Because we have added two new references, all reference numbering starting from line 87 has been updated.

 

• For the Cu(II)/GHK/UCA ternary system, the copper(II) is accommodated by the 4 nitrogens in the equatorial plane. However, the carboxylate function of the UCA may contribute to the metal binding in the axial positions. EPR parameters of this complex have not been reported, but it can help to assign the donor groups in the axial positions.

 

We agree that carboxylate function of the UCA may contribute to the metal binding in the axial positions, however EPR parameters of the ternary system will not provide insight into axial ligands because their metal-ligand coupling is too small to be resolved using CW-EPR.

Reviewer 3 Report

This is a nice work concerning complexation of copper(II) in the presence of GHK. The authors made a great number of studies to conclude that complex [GHK][Cu(II)][cis-urocanic acid] can form in human tissues which is responsible for known  biological effects of GHK and urocanic acid.

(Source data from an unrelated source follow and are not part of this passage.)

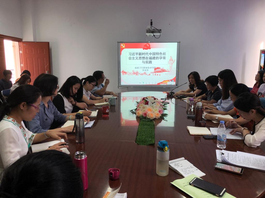 為推動“不忘初心、牢記使命”主題教育全面開展,深入學習習近平新時代中國特色社會主義思想,2019年10月10日,院黨委李美華副書記于護理系301會議室開展了題為“習近平新時代中國特色社會主義思想在福建的孕育與實踐”的專題黨課。護理系全體教師到場聆聽。
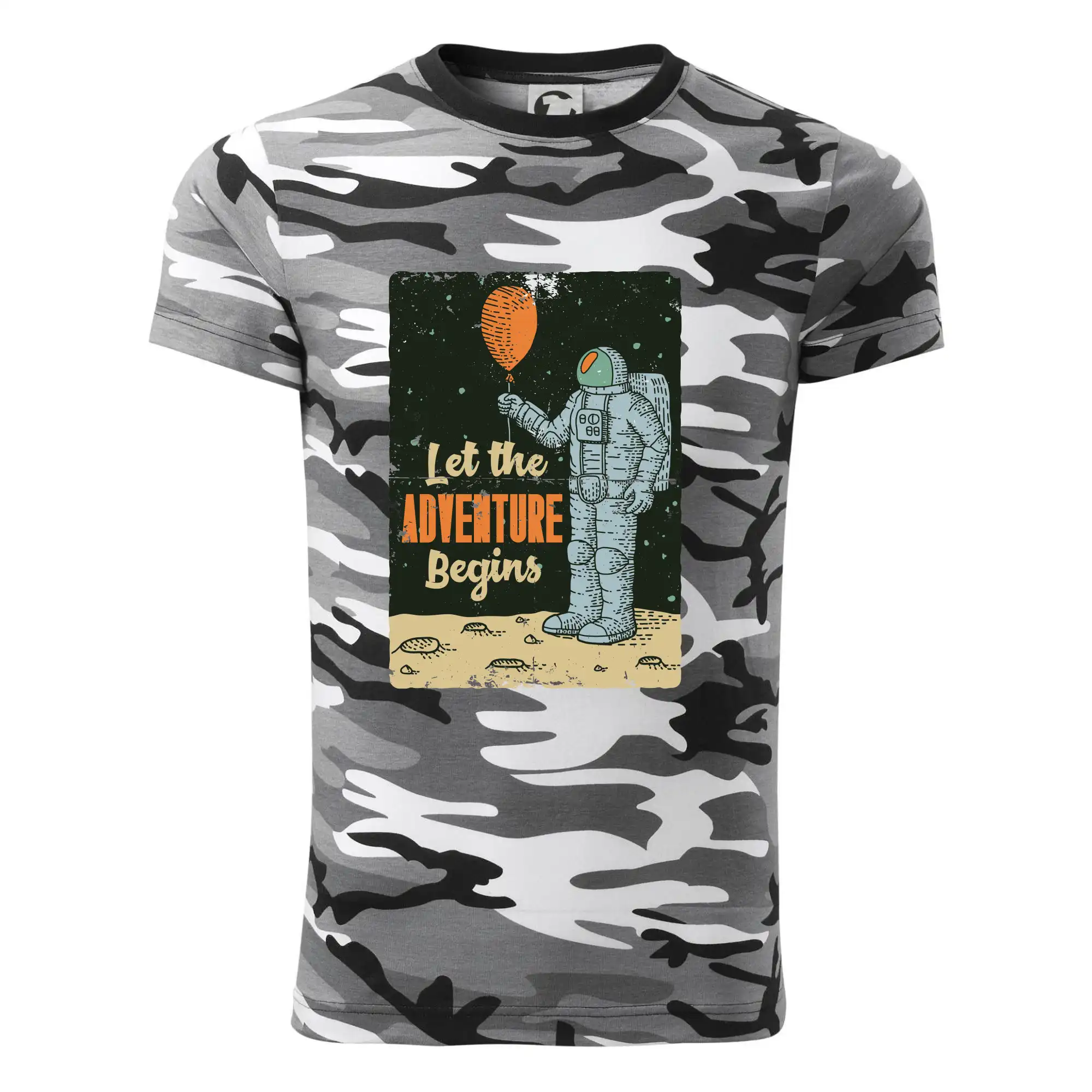 Tričko střední gramáže v barvách camouflage. Střih s bočními švy. Lem průkrčníku ze žebrového úpletu s přídavkem 5 % elastanu. Vnitřní část zadního průkrčníku začištěna páskou v barvě camouflage.
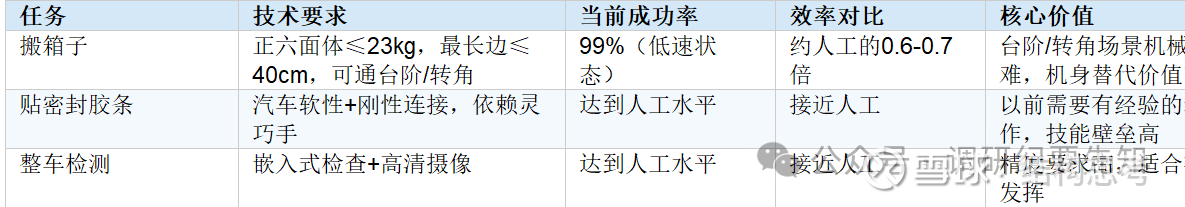 ② 工厂三大任务实测已达人工水平:搬箱子(99%成功率,速度约人工0.6-0.7倍)、贴密封胶条、整车检测。速度慢是唯一短板,任务质量已无问题
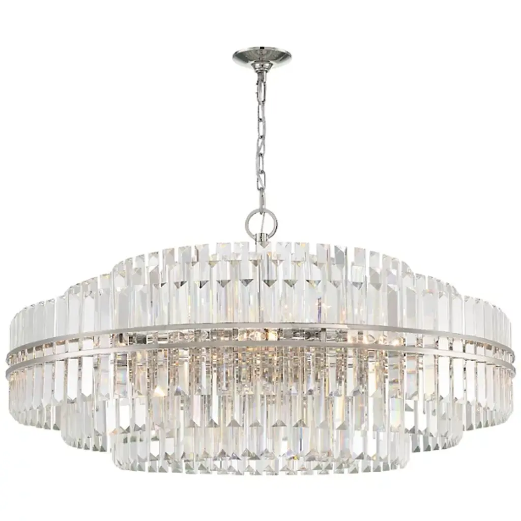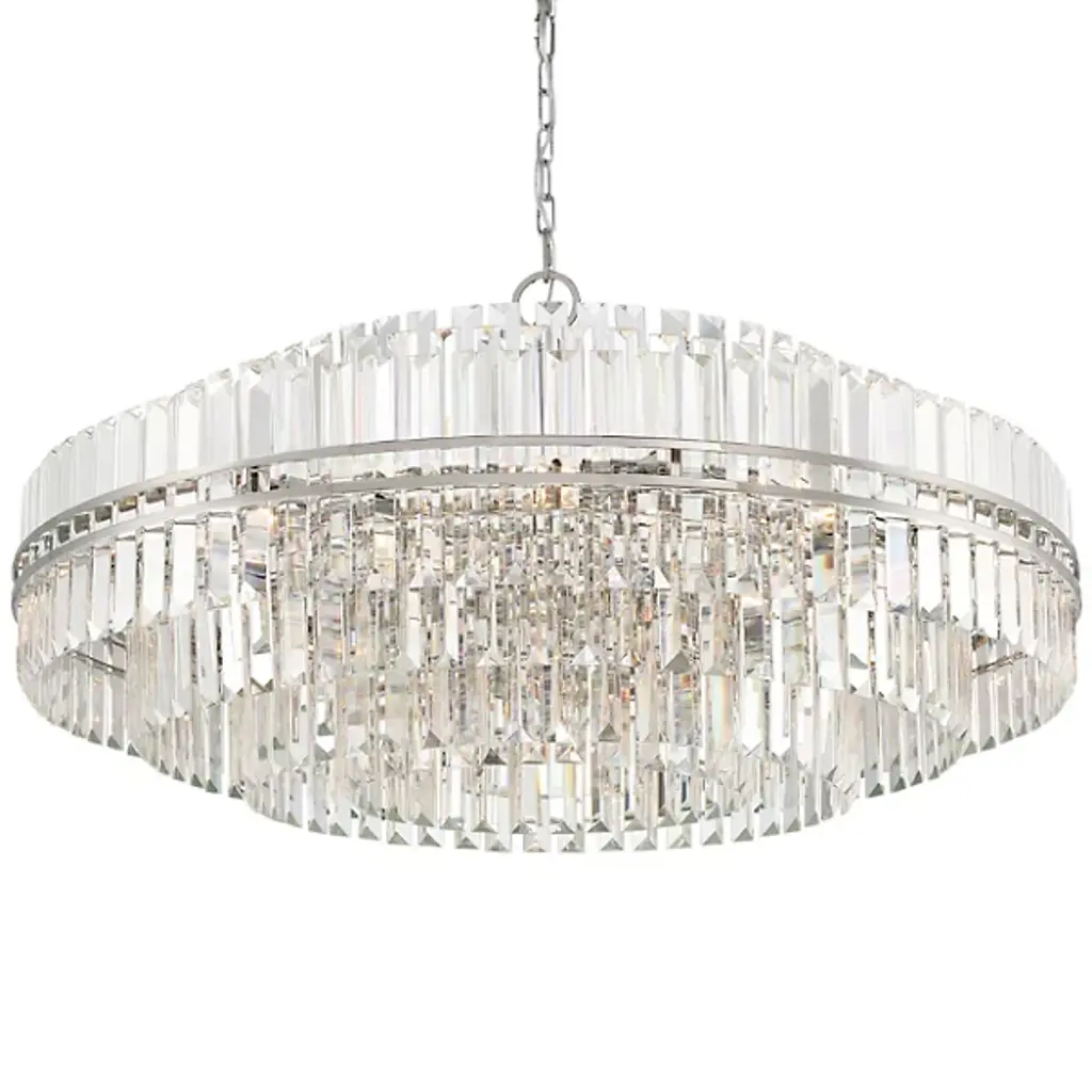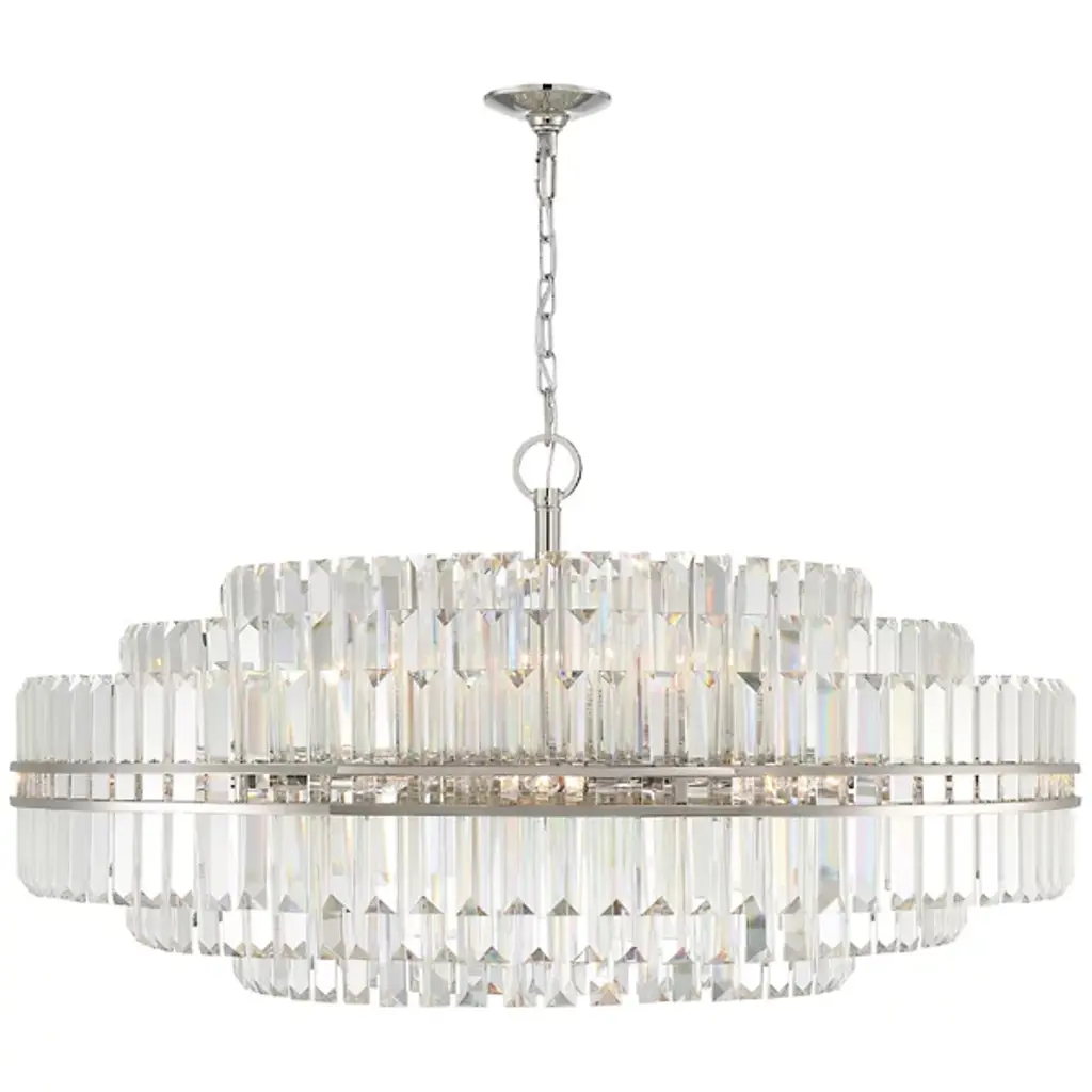 The Hayes Large Chandelier from Crystorama is designed to leave a lasting impression. Crafted with meticulous attention to detail, this fixture showcases tiered multi-faceted crystals elegantly held in place by a robust Polished Nickel steel frame. The sleek and polished finish adds a modern touch, infusing your surroundings with contemporary sophistication. Not just a lighting fixture, this product doubles as a captivating piece of art, commanding attention and creating a stunning focal point for any room.

The authors provide enormous experimental work: they used UV/vis, CD and EPR spectroscopies to study the interaction between GHK and copper ions in the presence of additional ligands, including protonation processes. Titration calorimetry and potentiometry were used. A number of reactions were studied and binding constants were calculated.  No doubt that further investigations of biological properties of ternary GHK complexes should be performed.

This work is interesting and shoud be published in the Journal as it is.

Author Response

The Reviewer did not request any changes.